MRI advance may detect more cancer
BOSTON -- An enhanced type of MRI can detect much smaller tumors than ever before -- some tinier than a pea -- in an advance that could open a new age in diagnosing cancer without surgery, researchers say.
The experimental technique examines the lymph nodes for signs of spreading cancer.
Doctors already routinely use MRIs to check the lymph nodes to see whether cancer that originated somewhere else in the body -- say, in the breast or the prostate gland -- is spreading. But the enhanced technique proved superior to conventional MRIs when tested with cancer that had spread from the prostate.
And the leader of the research, Dr. Mukesh Harisinghani, said his team also has had preliminary success using the approach to detect the spread of breast, testicular, bladder and kidney cancer.
In the prostate study, the technique found 63 cancerous lymph nodes in 33 patients. Conventional magnetic resonance imaging, or MRI, would have missed 71 percent of the nodes, and the spreading cancer would have gone undetected in nine patients.
"Even if it only works this well for prostate cancer, it's a significant advance," said Dr. Jeffrey Brown, a radiologist at Washington University in St. Louis.
Earlier detection of spreading prostate cancer would allow more aggressive treatment sooner, help doctors track the response, and spare some patients unnecessary removal of the prostate gland or lymph nodes. About 200,000 prostate cancer cases are diagnosed each year, and 32,000 people die from it.
The Food and Drug Administration is considering whether to approve the new technique. It is unclear when the FDA might decide.

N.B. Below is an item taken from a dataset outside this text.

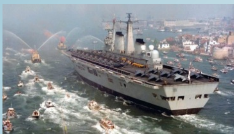
HMS Invincible returning to Portsmouth from the South Atlantic 1982

were ordered for air defence. To help cover the gap while the three Invincible class 'through deck cruisers' (aka aircraft carriers!) were under construction, the light fleet carriers HMS Hermes and HMS Bulwark (ex-commando ship) were converted to fulfil the role with Hermes also able to operate Sea Harriers. At about the same time it was resolved to maintain an escort force of about 60 destroyers and frigates. Having blamed Wilson's Labour government for loss of the four aircraft carriers, the Conservative's 1981 Defence White Paper (aka the Nott Review) proposed selling HMS Invincible to Australia, scrapping or selling remaining amphibious ships, reducing the number of escorts to about 55 and refocussing the fleet offensive capability on attack submarines. Crucially, the ice patrol vessel HMS Endurance was also to be withdrawn from service which may have been a catalyst for the Argentine Junta to invade South Georgia and the Falkland Islands in 1982. Despite being totally unprepared, the Royal Navy was able to assemble a task force within 48 hours. This comprised the carriers HMS Invincible - returning to Portsmouth from the South Atlantic 1982

Dr. Samuel Wickline, who studies imaging at Washington University, said this method and others like it will eventually "allow us to diagnose things that you can't even see with any imaging" now in use.
The study, funded partly by the National Cancer Institute, was carried out by Massachusetts General Hospital in Boston and University Medical Center in Nijmegen, the Netherlands. The findings appear in today's New England Journal of Medicine.
The method relies on minuscule magnetic particles, known as nanoparticles, to enhance an MRI. Acting like a television's contrast dial, the injected particles collect in the immune system's lymph nodes and create a clearer separation between dark and light areas in the image.
Imaging systems have never reliably shown tumors this small before anywhere in the body. Up to now, the smallest tumors detectable by MRI have been about four-tenths of an inch -- the size of a fingernail.
Conventional MRI uses a magnetic field, which allows doctors to see enough only to gauge the size of lymph nodes. Nodes bigger than four-tenths of an inch are generally considered cancerous; however, they are not always cancerous, while some smaller nodes are. The new technique shows detail within the nodes that reveals cancer's presence.
The researchers gave patients an imaging agent known as lymphotropic superparamagnetic nanoparticles, which are specks of iron oxide less than a billionth of an inch across. Normally, the liver sucks up imaging agents before they reach the lymph nodes, but these particles are so small, they seep into the lymph system.
The technique appeared to work in cancerous lymph nodes from two-tenths to four-tenths of an inch, which would normally go unnoticed with regular MRI. It detected 96 percent of cancerous nodes that size, compared with a detection rate of 29 percent for regular MRI, and it found 41 percent of cancerous nodes smaller than two-tenths of an inch, which are invisible to conventional MRI.
When spreading cancer has already reached the lymph nodes, doctors typically order radiation or hormonal treatments.
The researchers did not report any major side effects from the imaging agent.
"I would anticipate that it's going to get approved, and I would anticipate that it's going to be a big seller," said Dr. Otis Brawley, a cancer specialist at Emory University in Atlanta.